No Cure

“It sounds like your pancrease might actually be working.” 
I nearly threw my burger across the table and flipped it. Why would you say a dumbass thing like that? It’s obviously not working! My blood sugar was just 285 fasting. Clearly not working. 
My mother, while I love her and realize part of her is hopeful that I am miraculously healed, often says very stupid shit about my diabetes. Which is really pissing me off lately, since she is also a diabetic, and though type two, used to be the person who understood. Now it’s like she’s gone left field and over the fence. It’s not her hopefulness that makes me upset. I appreciate how much she wishes that my diabetes would suddenly disappear.
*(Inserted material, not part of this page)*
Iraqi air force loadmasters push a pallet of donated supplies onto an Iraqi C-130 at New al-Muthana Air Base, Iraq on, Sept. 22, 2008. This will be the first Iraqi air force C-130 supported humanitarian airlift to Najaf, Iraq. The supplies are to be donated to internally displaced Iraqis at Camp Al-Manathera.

I do to. But, I am very aware of how my body works. I’m aware of what is not working as well. 

Okay, maybe it is the hopefulness I’m upset about. 
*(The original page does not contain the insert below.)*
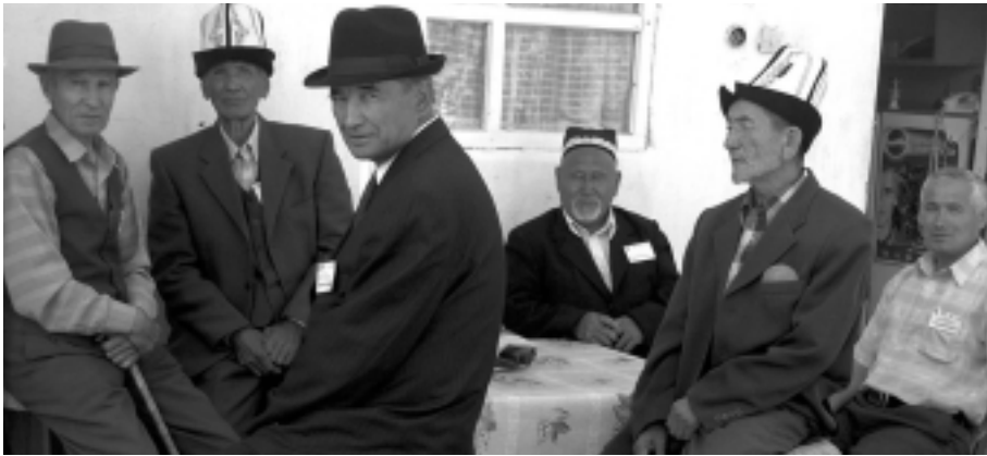
Groups of older people in Kyrgyzstan are volunteering as mediators.

I’ve no hope for a cure for myself. I’m too unhealthy and they’ve not found much to provide a cure. At least not one that’s a sustainable cure. Temporary things. Things that have yet to be proven by the FDA. Things that may never be because of how pharmaceutical companies do their dirty. I’ve given up asking God for a cure. I’ve given up most days on my treatments because of how they don’t feel like a cure at all…and how expensive they are. She knows that I’m this discouraged. Why would she say something so clearly impossibly hopeful? It’s been 16 years. All of it is a lost cause.